Fusion UCL-USaint-Louis: les recteurs ne "comprendraient pas un traitement discriminant" du politique

Les recteurs respectifs des universités de Louvain (UCL) et Saint-Louis (USL-B) ne "comprendraient pas" un "traitement discriminant" par rapport aux hautes écoles de la part du monde politique, qui est amené à entériner la fusion des deux établissements, ont-ils indiqué vendredi lors d'une conférence de presse.

L'UCL de plus en plus présente à Bruxelles...

Jeudi, les instances décisionnaires des deux universités ont scellé la création de la nouvelle entité, baptisée UCLouvain, via des votes du conseil d'administration d'une part, et de l'assemblée générale de l'autre.

Le rapprochement entre l'UCL et Saint-Louis, qui "se construit depuis le 4 juillet dernier", est un "projet positif avec une plus-value majeure pour les deux établissements", a souligné Pierre Jadoul, recteur de l'USL-B.

Avec ce rapprochement, "les collaborations existantes vont se renforcer dans l'intérêt de tous les acteurs des deux universités", a-t-il poursuivi.

L'union des deux établissements permettra notamment de favoriser la mobilité des étudiants, de parvenir à une plus grande complémentarité au niveau de la recherche en vue de l'obtention de financements européens, de mutualiser des moyens, de partager des ressources, de disposer d'un fort ancrage bruxellois ou encore d'avoir une plus grande visibilité à l'international, avancent les recteurs.

... et ça ne plaît pas à l'ULB

La nouvelle UCLouvain compterait huit sites, dont trois à Bruxelles, ce qui suscite l'hostilité de l'ULB qui voit d'un mauvais œil la poursuite du développement de l'UCL sur son pré carré.

Le projet n'est cependant "pas dirigé contre une autre université", a assuré M. Jadoul. "La fusion n'est pas destinée à mettre à mal notre collaboration avec l'ULB. Nous ne serons en tout cas pas à l'origine d'une rupture", assure-t-il.

Pour son homologue de l'UCL, Vincent Blondel, la crainte d'une concurrence accrue n'a pas lieu d'être puisqu'il affirme qu'il n'y aura pas d'augmentation de l'offre de formation.

Le rapprochement doit désormais recevoir l'aval de l'Ares, l'organe de pilotage de l'enseignement supérieur francophone, où l'ULB, qui avait formulé l'été dernier une contre-proposition d'adossement à l'USL-B restée sans suite, devrait faire valoir son opposition au projet.

Obstacles politiques?

Des obstacles politiques pourraient aussi se dresser sur la route de la fusion, qui nécessitera une modification décrétale et donc l'appui d'une majorité de députés du Parlement de la Fédération Wallonie-Bruxelles.

"Nous ne demandons ni financement, ni habilitation supplémentaire", a souligné M. Blondel.
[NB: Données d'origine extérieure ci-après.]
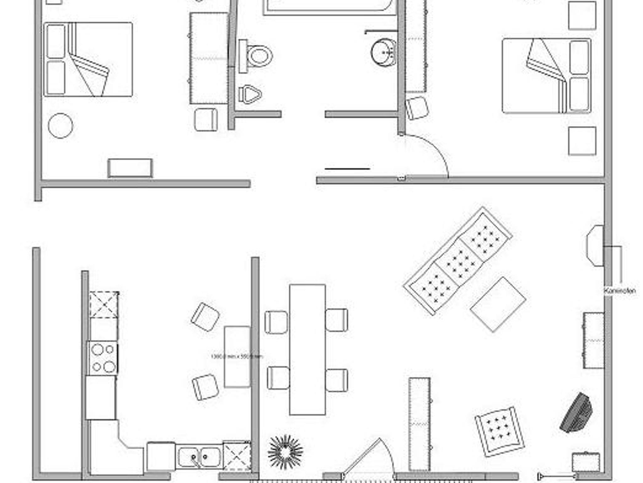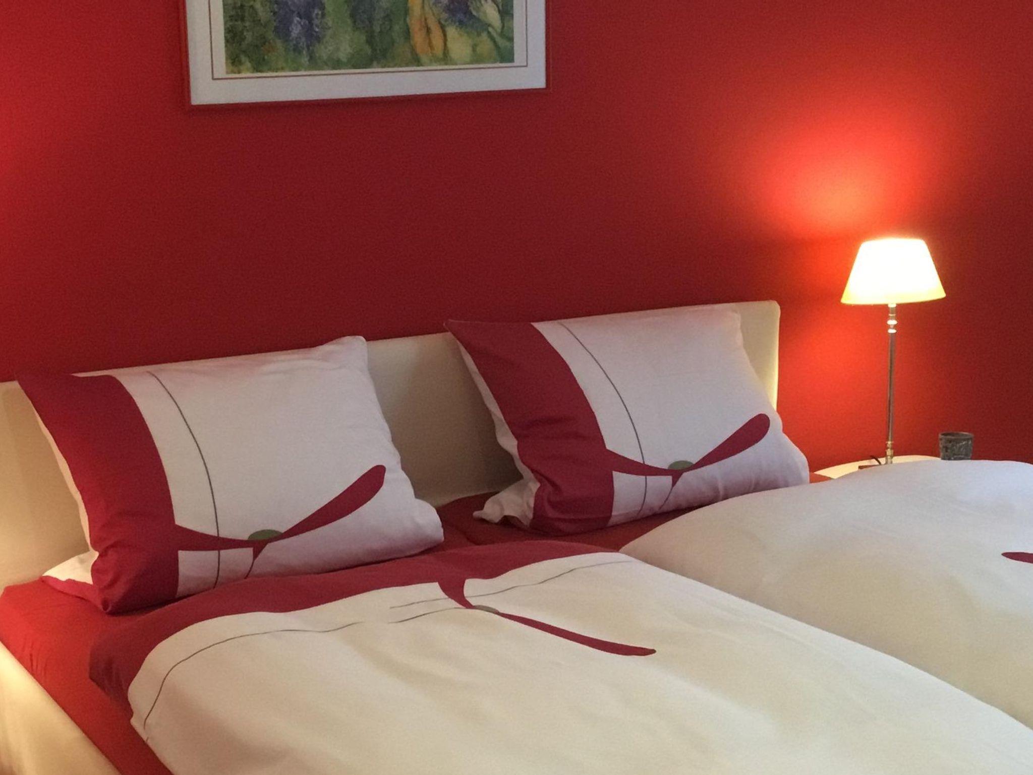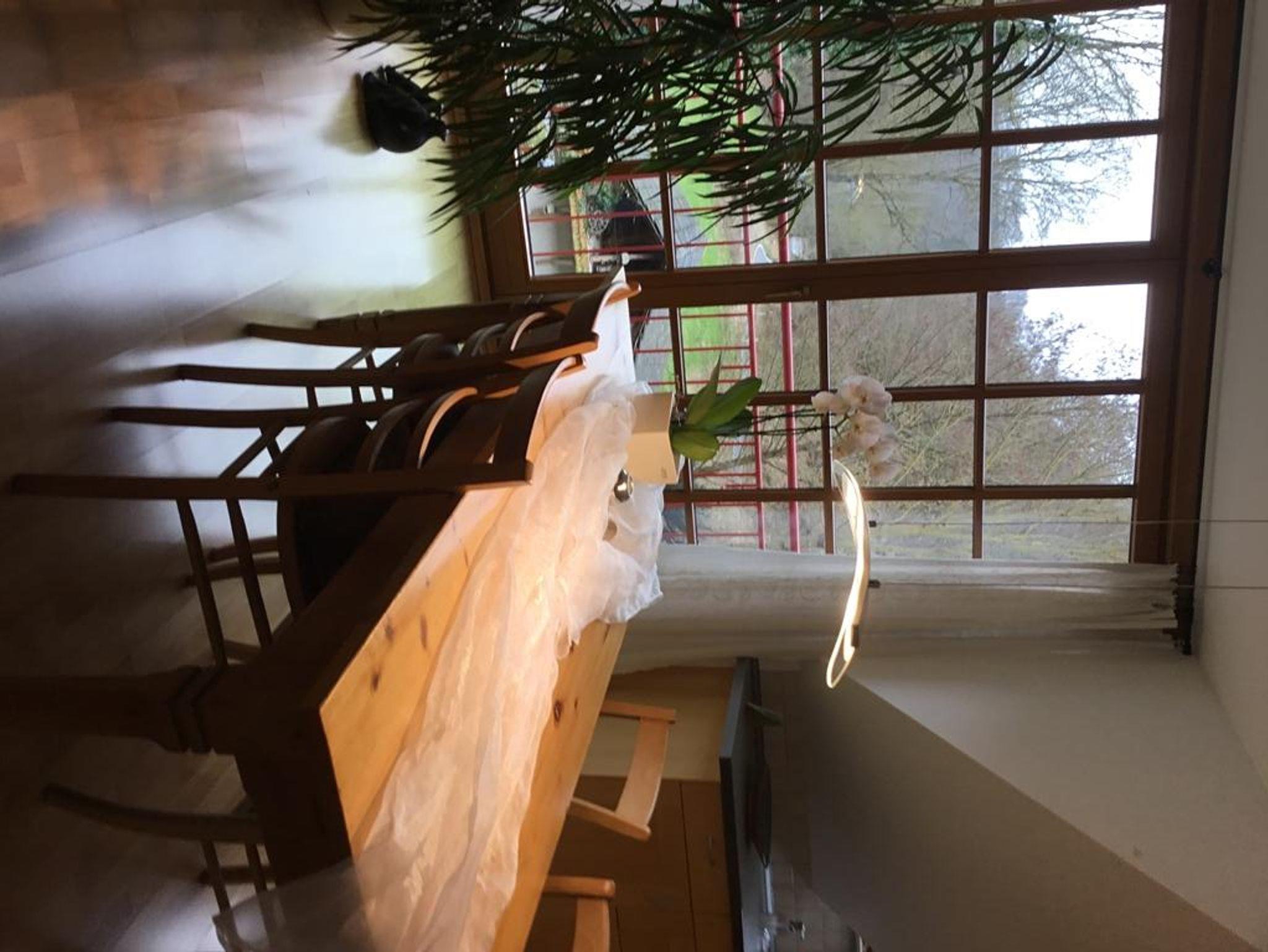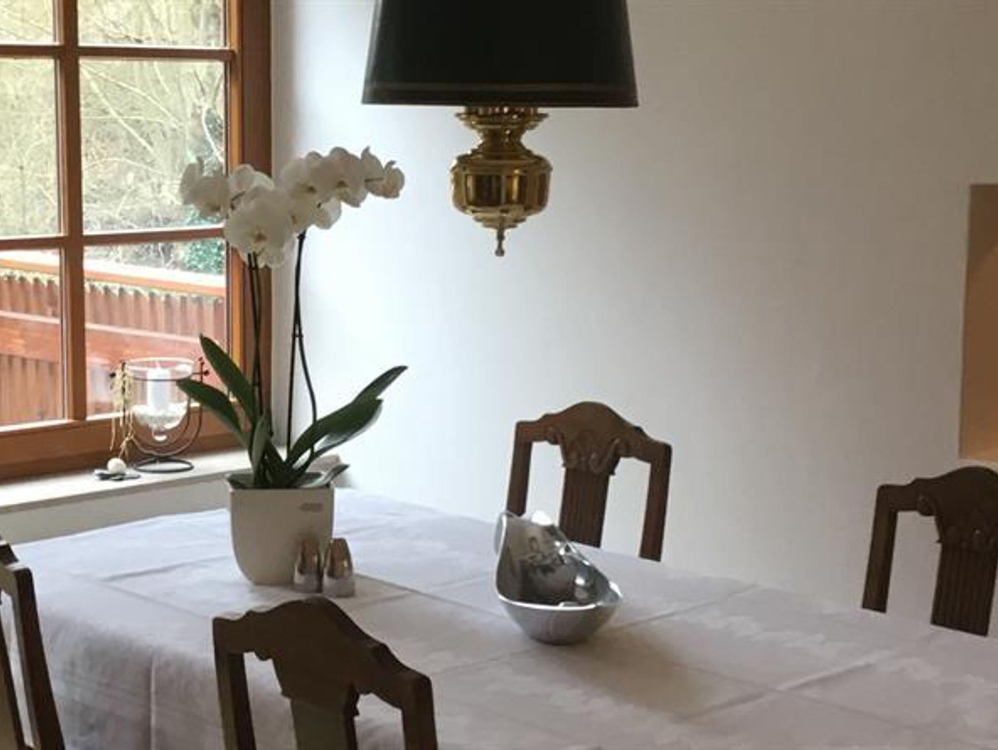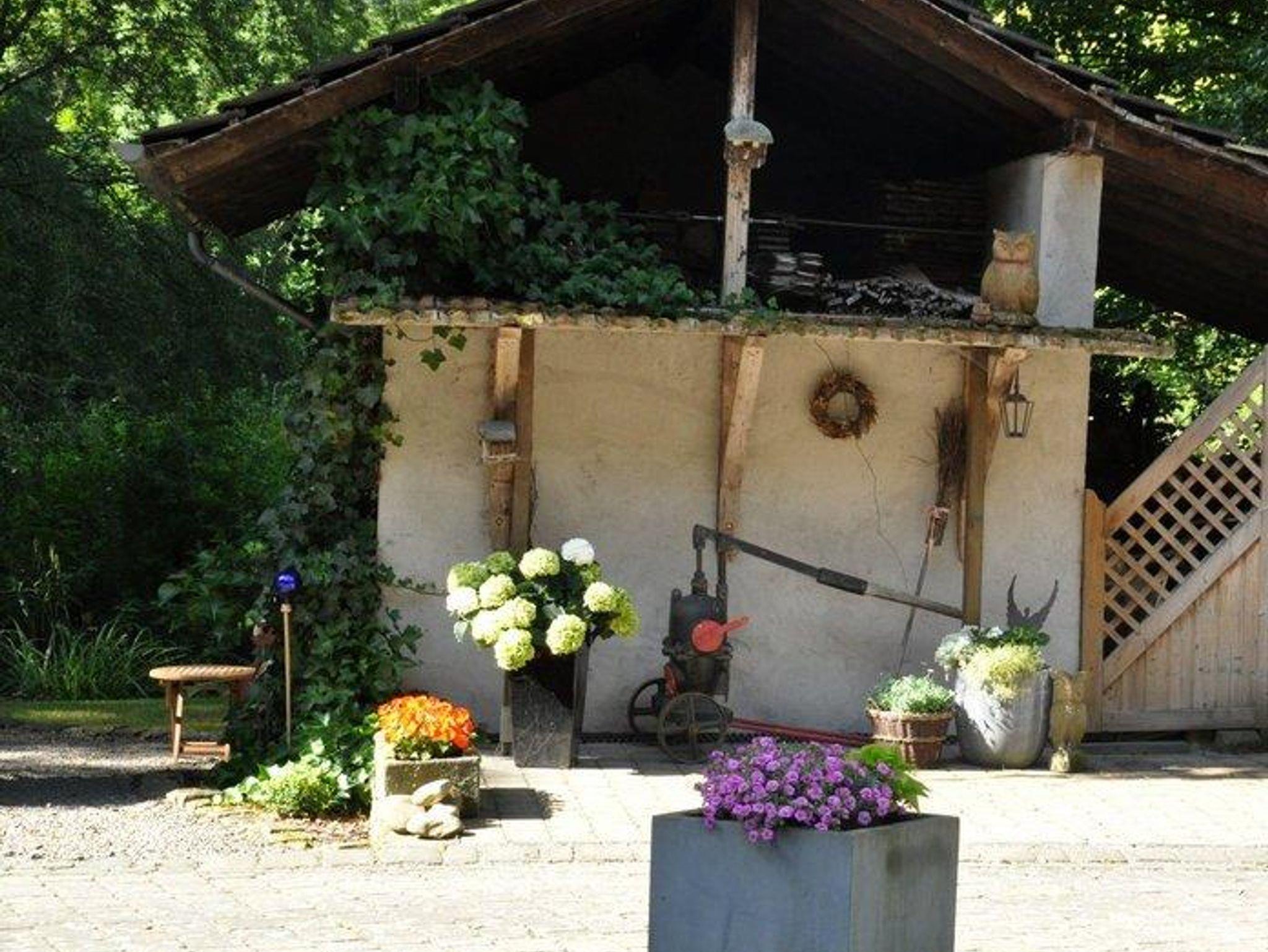 2 Schlafzimmer (Bettgröße: L200 x B180 und L200 x B180); bei Belegung eines Doppelschlafzimmers mit nur einer Person, erheben wir einen EZ-Zuschlag von 3,-- € p.P./ÜN. Großzügiger Wohn-/Essbereich mit Einbauküche, Kühlschrank mit 3-Sterne Kühlfach, Spülmaschine, Zerankochfeld, Backofen, Kaffeemaschine, Toaster, Wasserkocher, Eierkocher, Handrührgerät, Bad mit Badewanne/Dusche, WC, Fön und Kosmetikspiegel, Kaminofen (In den Monaten April - August geht der Ofen aus; er nimmt seinen Sommerurlaub!) Flachbildschirm HD (SAT-TV), DVD-Player, DVDs, Radio, Telefon (Festnetzanschluss), reichhaltiges INFO-Material zur Region, Benutzung von Waschmaschine und Trockner in separatem Wirtschaftsraum möglich, französischer Balkon, Naturgarten mit Bach, Freiflächen im Innenhof, Bachlauf direkt am Mühlengrundstück

Le mariage est "cohérent". "Avec cinq universités, et plus six, implantées sur cinq pôles, il s'inscrit dans le contexte du décret Paysage", estime le recteur.

Le ministre de l'Enseignement supérieur, Jean-Claude Marcourt, n'a jamais semblé partager cet avis. Il avait notamment appelé les deux établissements à préserver "l'équilibre global" dessiné par le décret, qui vise pour rappel à stimuler les collaborations géographiques entre établissements et casser ainsi les concurrences sur base confessionnelle.

"Nous voulons simplement continuer à faire notre métier. Les dernières fusions de hautes écoles ont été largement soutenues par le ministre (Marcourt). Nous ne comprendrions pas un traitement discriminant", ont conclu les recteurs, en référence à certains rapprochements dont la logique géographique n'était pas évidente mais qui ont néanmoins eu l'assentiment du ministre.